YOUR INSTRUCTIONS:
Nothing outside the range is to be copied. From the entries below, reproduce exactly the lines starting at the one with "Knit wełniany brązowy" and ending at the one with "压铸零件自动加工及装配生产线", without pictures.

PROVIDED INFORMATION:
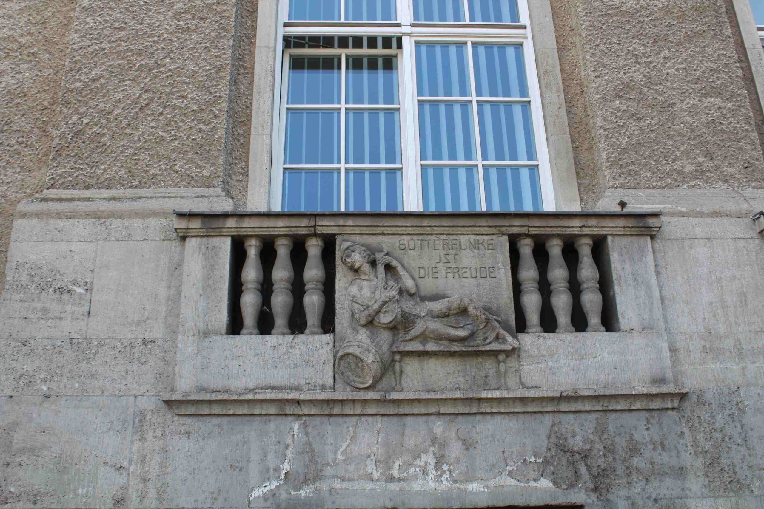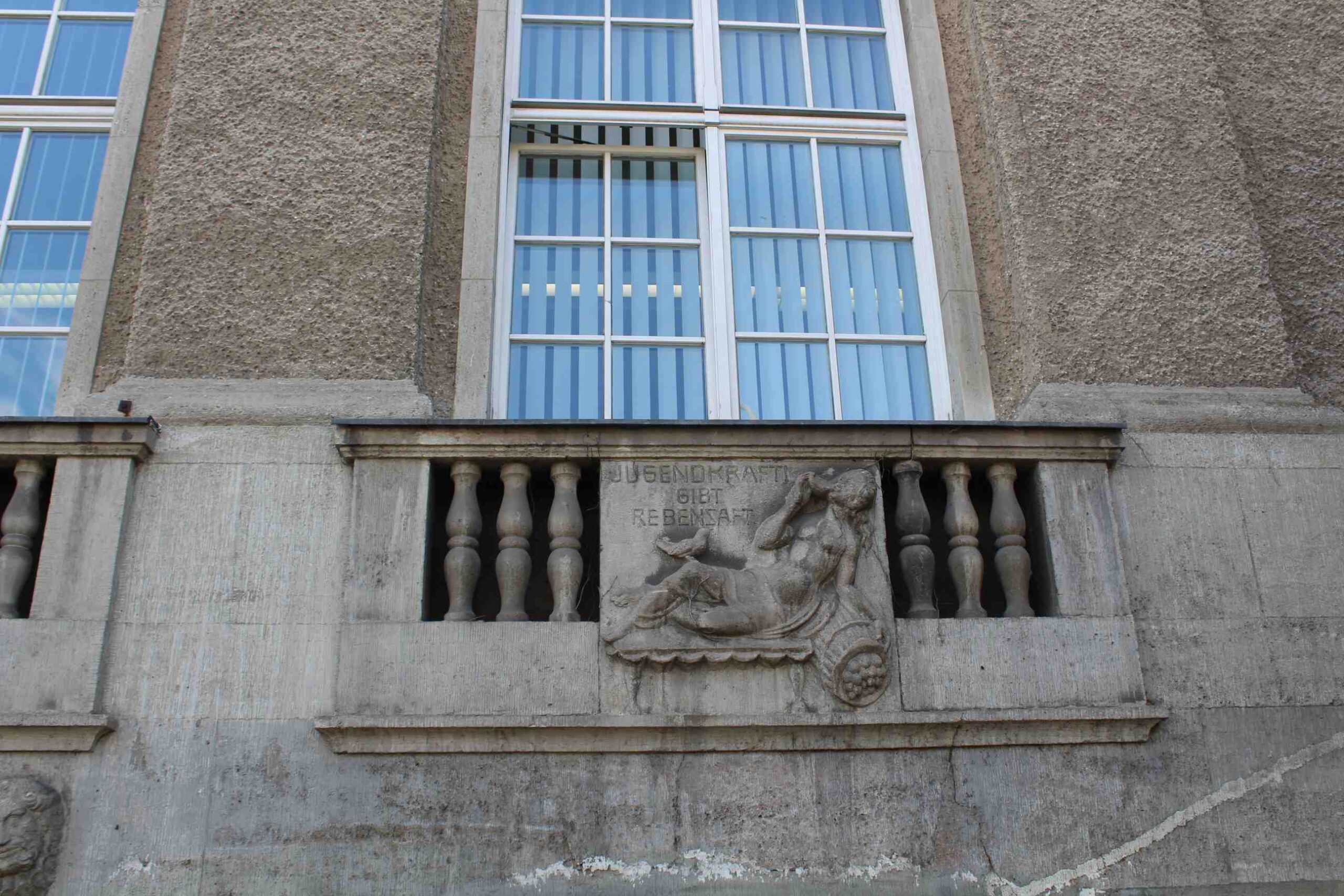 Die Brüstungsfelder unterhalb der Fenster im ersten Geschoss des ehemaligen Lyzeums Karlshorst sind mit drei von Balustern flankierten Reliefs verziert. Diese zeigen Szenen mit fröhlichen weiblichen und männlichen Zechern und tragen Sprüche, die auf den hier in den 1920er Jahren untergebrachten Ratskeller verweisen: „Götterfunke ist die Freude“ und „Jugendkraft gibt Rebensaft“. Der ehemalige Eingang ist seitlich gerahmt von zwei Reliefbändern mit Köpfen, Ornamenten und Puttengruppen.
* * *
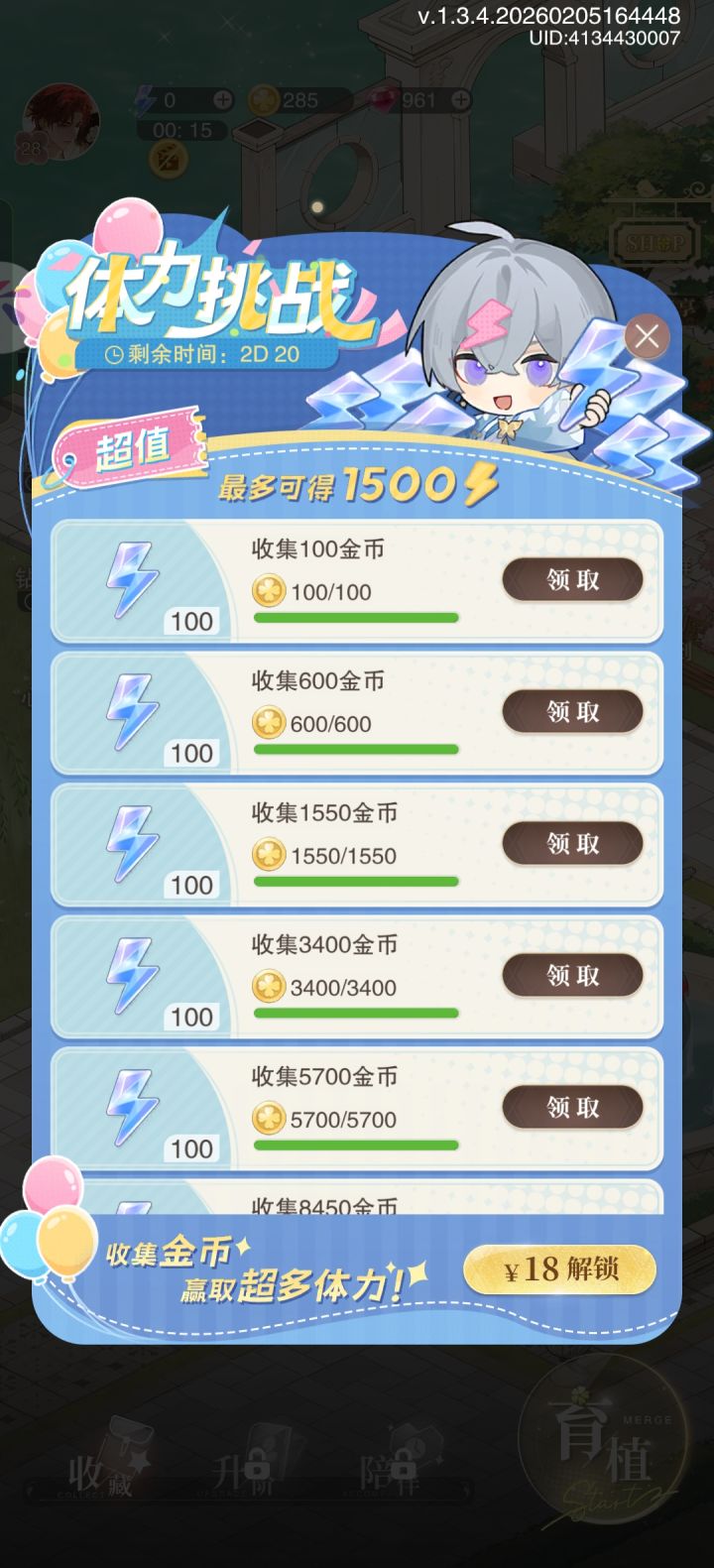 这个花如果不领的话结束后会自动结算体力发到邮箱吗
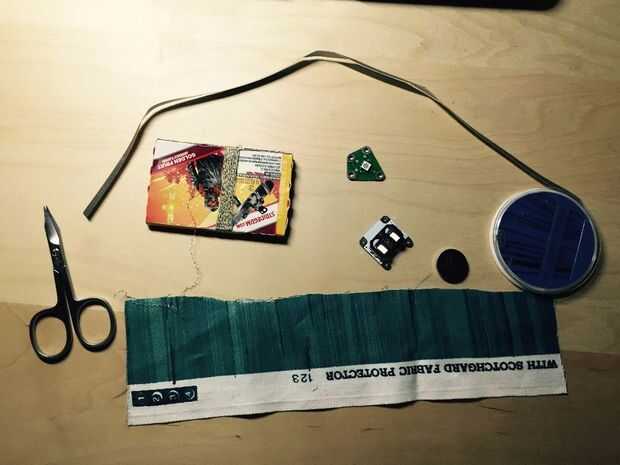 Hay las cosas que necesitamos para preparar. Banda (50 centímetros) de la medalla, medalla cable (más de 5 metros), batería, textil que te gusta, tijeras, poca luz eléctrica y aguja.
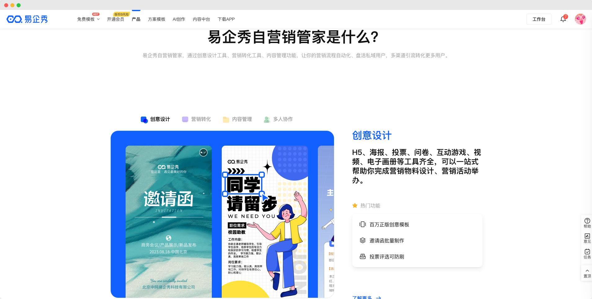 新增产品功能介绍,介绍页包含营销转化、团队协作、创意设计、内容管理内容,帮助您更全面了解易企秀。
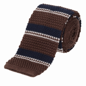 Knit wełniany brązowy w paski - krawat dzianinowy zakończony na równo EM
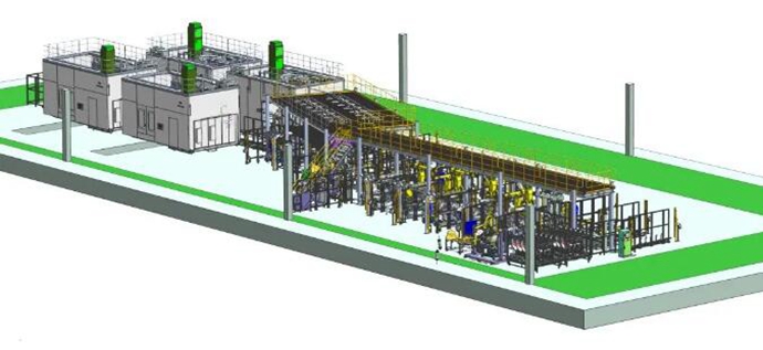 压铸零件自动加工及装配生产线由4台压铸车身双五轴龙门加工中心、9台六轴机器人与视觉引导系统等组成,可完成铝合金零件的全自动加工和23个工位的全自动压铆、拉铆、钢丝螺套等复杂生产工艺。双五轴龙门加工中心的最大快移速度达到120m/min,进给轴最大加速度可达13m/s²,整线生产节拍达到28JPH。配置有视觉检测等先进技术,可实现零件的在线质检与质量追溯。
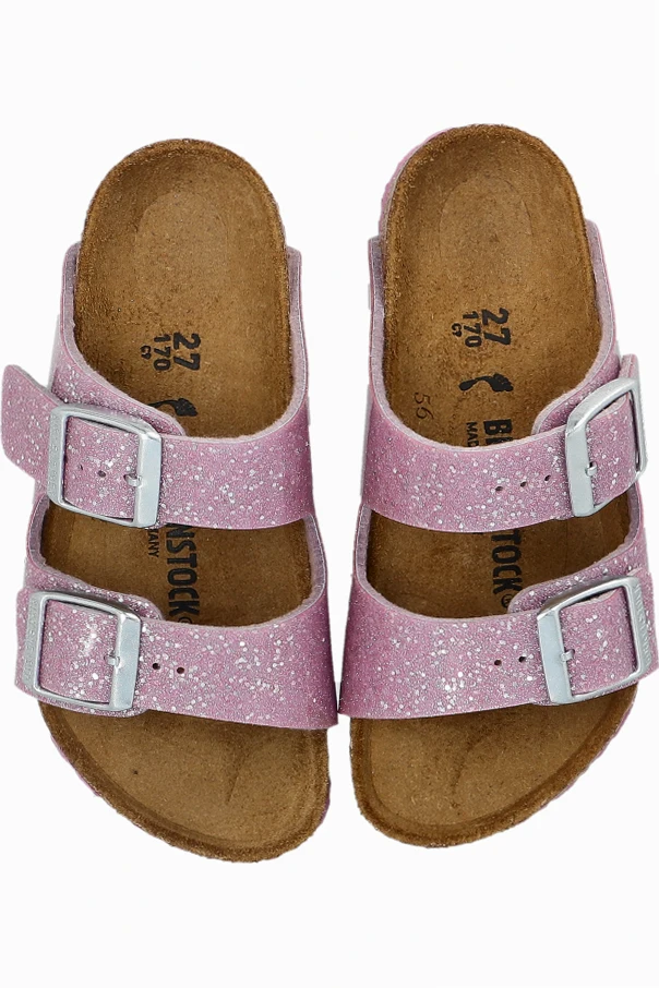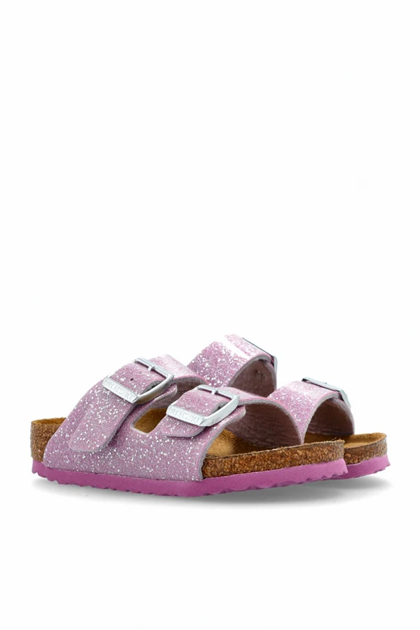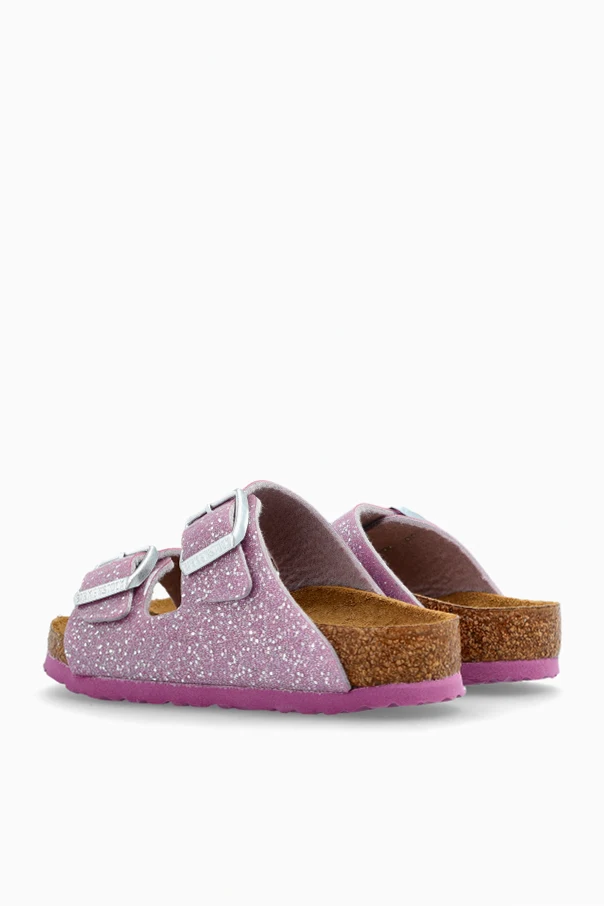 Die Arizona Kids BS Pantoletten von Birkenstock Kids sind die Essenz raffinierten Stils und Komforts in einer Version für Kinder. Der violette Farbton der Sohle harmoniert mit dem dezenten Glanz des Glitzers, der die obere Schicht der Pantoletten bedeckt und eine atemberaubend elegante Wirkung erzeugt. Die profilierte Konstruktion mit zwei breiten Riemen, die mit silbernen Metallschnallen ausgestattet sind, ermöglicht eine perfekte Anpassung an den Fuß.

YOUR SOLUTION:
 Knit wełniany brązowy w paski - krawat dzianinowy zakończony na równo EM
 压铸零件自动加工及装配生产线由4台压铸车身双五轴龙门加工中心、9台六轴机器人与视觉引导系统等组成,可完成铝合金零件的全自动加工和23个工位的全自动压铆、拉铆、钢丝螺套等复杂生产工艺。双五轴龙门加工中心的最大快移速度达到120m/min,进给轴最大加速度可达13m/s²,整线生产节拍达到28JPH。配置有视觉检测等先进技术,可实现零件的在线质检与质量追溯。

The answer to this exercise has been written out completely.